Given data: Begin
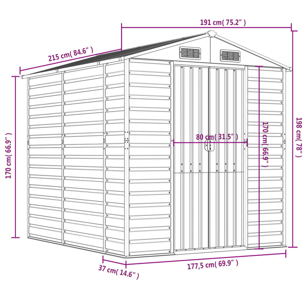 Puutarhavaja vihreä 191x215x198 cm galvanoitu teräs
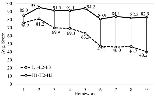 Homework performance progression of L1-L2-L3 and H1-H2-H3 students.
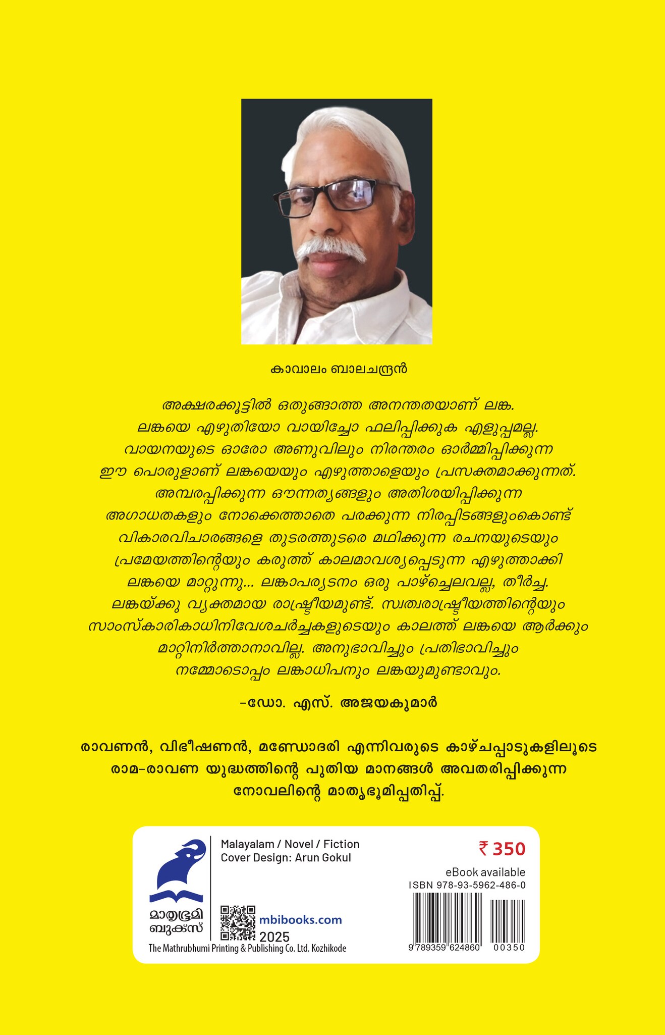 രാവണന്, വിഭീഷണന്, മണ്ഡോദരി എന്നിവരുടെ കാഴ്ചപ്പാടുകളിലൂടെ രാമ-രാവണ യുദ്ധത്തിന്റെ പുതിയ മാനങ്ങള് അവതരിപ്പിക്കുന്ന നോവലിന്റെ മാതൃഭൂമിപ്പതിപ്പ്.
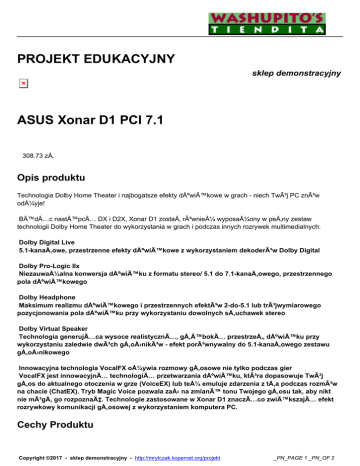 PROJEKT EDUKACYJNY sklep demonstracyjny ASUS Xonar D1 PCI 7.1 308.73 zÅ‚ Opis produktu Technologia Dolby Home Theater i najbogatsze efekty dźwiÄ™kowe w grach - niech Twój PC znów odżyje! BÄ™dÄ…c nastÄ™pcÄ… DX i D2X, Xonar D1 zostaÅ‚ również wyposażony w peÅ‚ny zestaw technologii Dolby Home Theater do wykorzystania w grach i podczas innych rozrywek multimedialnych: Dolby Digital Live 5.1-kanaÅ‚owe, przestrzenne efekty dźwiÄ™kowe z wykorzystaniem dekoderów Dolby Digital Dolby Pro-Logic IIx Niezauważalna konwersja dźwiÄ™ku z formatu stereo/ 5.1 do 7.1-kanaÅ‚owego, przestrzennego pola dźwiÄ™kowego Dolby Headphone Maksimum realizmu dźwiÄ™kowego i przestrzennych efektów 2-do-5.1 lub trójwymiarowego pozycjonowania pola dźwiÄ™ku przy wykorzystaniu dowolnych sÅ‚uchawek stereo Dolby Virtual Speaker Technologia generujÄ…ca wysoce realistycznÄ…, głębokÄ… przestrzeÅ„ dźwiÄ™ku przy wykorzystaniu zaledwie dwóch gÅ‚oÅ›ników - efekt porównywalny do 5.1-kanaÅ‚owego zestawu gÅ‚oÅ›nikowego Innowacyjna technologia VocalFX ożywia rozmowy gÅ‚osowe nie tylko podczas gier VocalFX jest innowacyjnÄ… technologiÄ… przetwarzania dźwiÄ™ku, która dopasowuje Twój gÅ‚os do aktualnego otoczenia w grze (VoiceEX) lub też emuluje zdarzenia z tÅ‚a podczas rozmów na chacie (ChatEX). Tryb Magic Voice pozwala zaÅ› na zmianÄ™ tonu Twojego gÅ‚osu tak, aby nikt nie mógÅ‚ go rozpoznać. Technologie zastosowane w Xonar D1 znaczÄ…co zwiÄ™kszajÄ… efekt rozrywkowy komunikacji gÅ‚osowej z wykorzystaniem komputera PC. Cechy Produktu Copyright ©2017 - sklep demonstracyjny - http://mrytczak.kopernet.org/projekt _PN_PAGE 1 _PN_OF 2 Typ złącza Próbkowanie CzÄ™stotliwość próbkowania System dzwiÄ™ku OdstÄ™p sygnaÅ‚u od szumu Typ chipsetu Dekoder Dolby Digital 5.1 PCI 24 bit 192 kHz 7,1 114 dB Asus AV100 Tak Informacja o sprzedawcy Recenzje klientów: Nikt jeszcze nie recenzowaÅ‚ tego produktu. Aby dodać recenzjÄ™, zaloguj siÄ™. Copyright ©2017 - sklep demonstracyjny - http://mrytczak.kopernet.org/projekt _PN_PAGE 2 _PN_OF 2
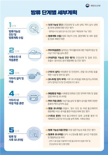 비봉이 해양방류는 ▲ 방류 가능성 진단 및 방류계획 수립 ▲ 사육수조 내 적응훈련 ▲ 가두리 설치 및 이송 ▲ 가두리 내 야생적응 훈련 ▲ 방류 및 사후 모니터링 등 5단계로 진행되는데 비봉이는 조만간 3∼4단계 과정에 들어간다.
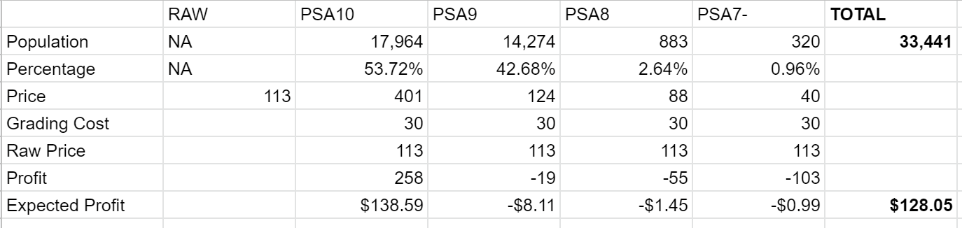 Before we go, our past few articles have focused on how to value cards. Astute readers might have noticed, however, that we did not really touch on grading in any of those articles. So how does grading fit into our valuation framework?
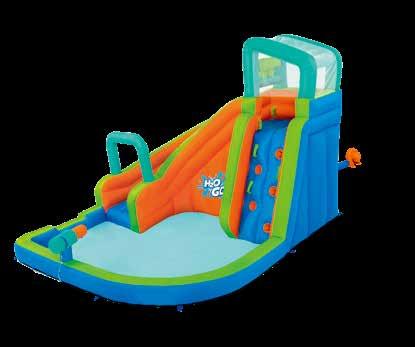 • Surprise soak bucket randomly dumps water and keeps slide slippery
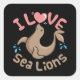I Liebe Seelöwen Quadratischer Aufkleber
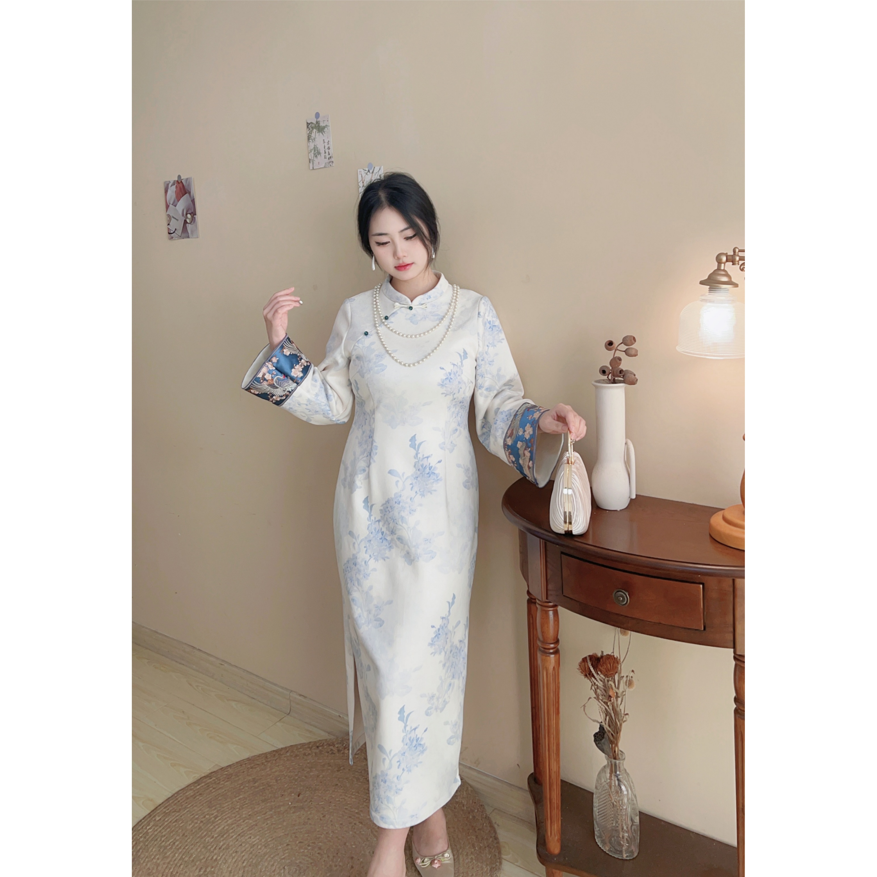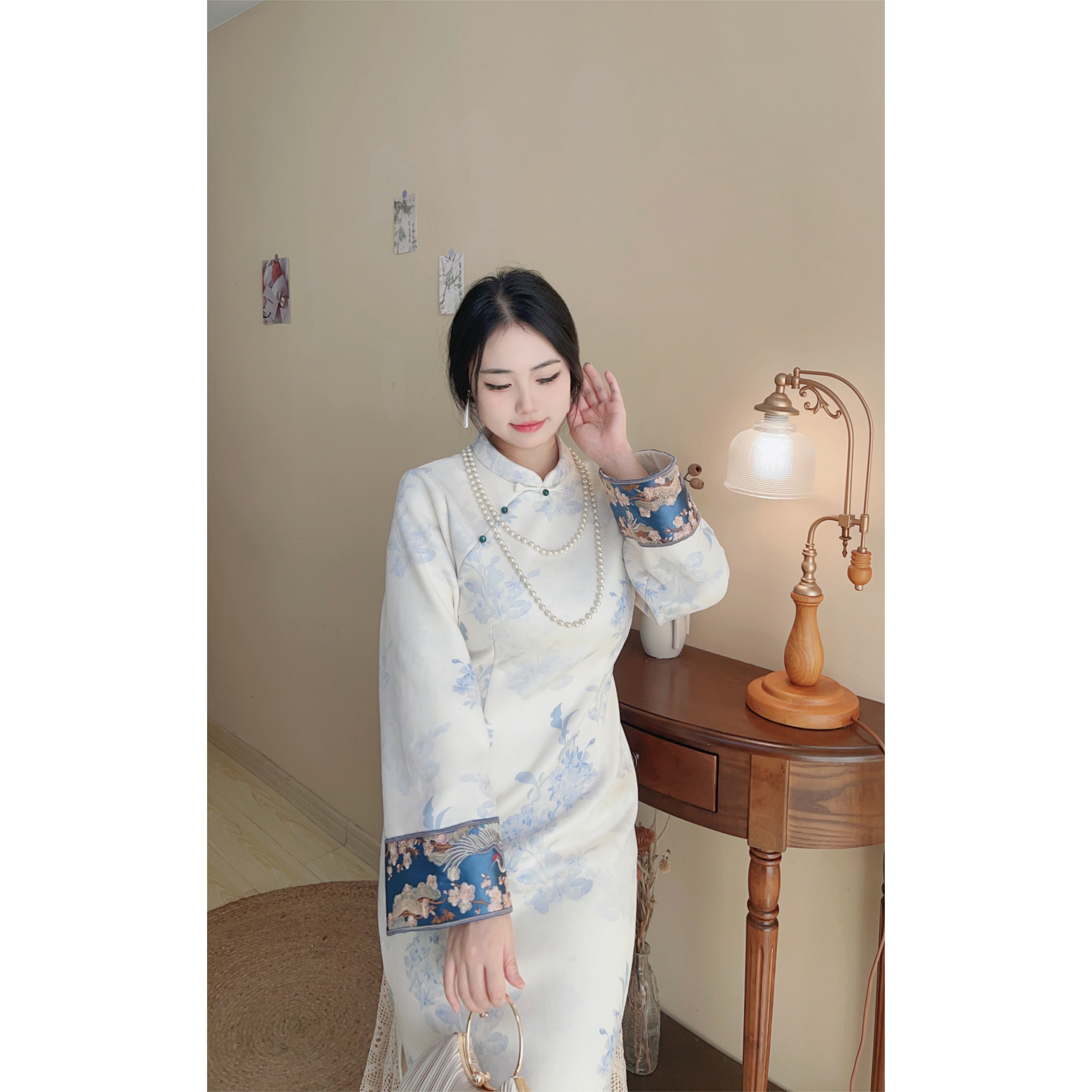 加绒【自制款】遇见大码胖mm青花瓷秋冬高端加厚刺绣旗袍连衣裙冬
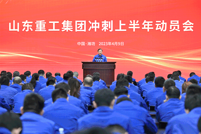4月9日上午10:00,山東重工集團召開沖刺上半年動員大會。譚旭光作動員講話,8家權屬公司作表態發言。集團和各權屬公司領導干部共計2000人線上線下參會。
Given data: End
→ Task requirements: The preceding listing must be repeated exactly, with all images dropped.

→ Answer box:
 Puutarhavaja vihreä 191x215x198 cm galvanoitu teräs
 Homework performance progression of L1-L2-L3 and H1-H2-H3 students.
 രാവണന്, വിഭീഷണന്, മണ്ഡോദരി എന്നിവരുടെ കാഴ്ചപ്പാടുകളിലൂടെ രാമ-രാവണ യുദ്ധത്തിന്റെ പുതിയ മാനങ്ങള് അവതരിപ്പിക്കുന്ന നോവലിന്റെ മാതൃഭൂമിപ്പതിപ്പ്.
 PROJEKT EDUKACYJNY sklep demonstracyjny ASUS Xonar D1 PCI 7.1 308.73 zÅ‚ Opis produktu Technologia Dolby Home Theater i najbogatsze efekty dźwiÄ™kowe w grach - niech Twój PC znów odżyje! BÄ™dÄ…c nastÄ™pcÄ… DX i D2X, Xonar D1 zostaÅ‚ również wyposażony w peÅ‚ny zestaw technologii Dolby Home Theater do wykorzystania w grach i podczas innych rozrywek multimedialnych: Dolby Digital Live 5.1-kanaÅ‚owe, przestrzenne efekty dźwiÄ™kowe z wykorzystaniem dekoderów Dolby Digital Dolby Pro-Logic IIx Niezauważalna konwersja dźwiÄ™ku z formatu stereo/ 5.1 do 7.1-kanaÅ‚owego, przestrzennego pola dźwiÄ™kowego Dolby Headphone Maksimum realizmu dźwiÄ™kowego i przestrzennych efektów 2-do-5.1 lub trójwymiarowego pozycjonowania pola dźwiÄ™ku przy wykorzystaniu dowolnych sÅ‚uchawek stereo Dolby Virtual Speaker Technologia generujÄ…ca wysoce realistycznÄ…, głębokÄ… przestrzeÅ„ dźwiÄ™ku przy wykorzystaniu zaledwie dwóch gÅ‚oÅ›ników - efekt porównywalny do 5.1-kanaÅ‚owego zestawu gÅ‚oÅ›nikowego Innowacyjna technologia VocalFX ożywia rozmowy gÅ‚osowe nie tylko podczas gier VocalFX jest innowacyjnÄ… technologiÄ… przetwarzania dźwiÄ™ku, która dopasowuje Twój gÅ‚os do aktualnego otoczenia w grze (VoiceEX) lub też emuluje zdarzenia z tÅ‚a podczas rozmów na chacie (ChatEX). Tryb Magic Voice pozwala zaÅ› na zmianÄ™ tonu Twojego gÅ‚osu tak, aby nikt nie mógÅ‚ go rozpoznać. Technologie zastosowane w Xonar D1 znaczÄ…co zwiÄ™kszajÄ… efekt rozrywkowy komunikacji gÅ‚osowej z wykorzystaniem komputera PC. Cechy Produktu Copyright ©2017 - sklep demonstracyjny - http://mrytczak.kopernet.org/projekt _PN_PAGE 1 _PN_OF 2 Typ złącza Próbkowanie CzÄ™stotliwość próbkowania System dzwiÄ™ku OdstÄ™p sygnaÅ‚u od szumu Typ chipsetu Dekoder Dolby Digital 5.1 PCI 24 bit 192 kHz 7,1 114 dB Asus AV100 Tak Informacja o sprzedawcy Recenzje klientów: Nikt jeszcze nie recenzowaÅ‚ tego produktu. Aby dodać recenzjÄ™, zaloguj siÄ™. Copyright ©2017 - sklep demonstracyjny - http://mrytczak.kopernet.org/projekt _PN_PAGE 2 _PN_OF 2
 비봉이 해양방류는 ▲ 방류 가능성 진단 및 방류계획 수립 ▲ 사육수조 내 적응훈련 ▲ 가두리 설치 및 이송 ▲ 가두리 내 야생적응 훈련 ▲ 방류 및 사후 모니터링 등 5단계로 진행되는데 비봉이는 조만간 3∼4단계 과정에 들어간다.
 Before we go, our past few articles have focused on how to value cards. Astute readers might have noticed, however, that we did not really touch on grading in any of those articles. So how does grading fit into our valuation framework?
 • Surprise soak bucket randomly dumps water and keeps slide slippery
I Liebe Seelöwen Quadratischer Aufkleber
 加绒【自制款】遇见大码胖mm青花瓷秋冬高端加厚刺绣旗袍连衣裙冬
4月9日上午10:00,山東重工集團召開沖刺上半年動員大會。譚旭光作動員講話,8家權屬公司作表態發言。集團和各權屬公司領導干部共計2000人線上線下參會。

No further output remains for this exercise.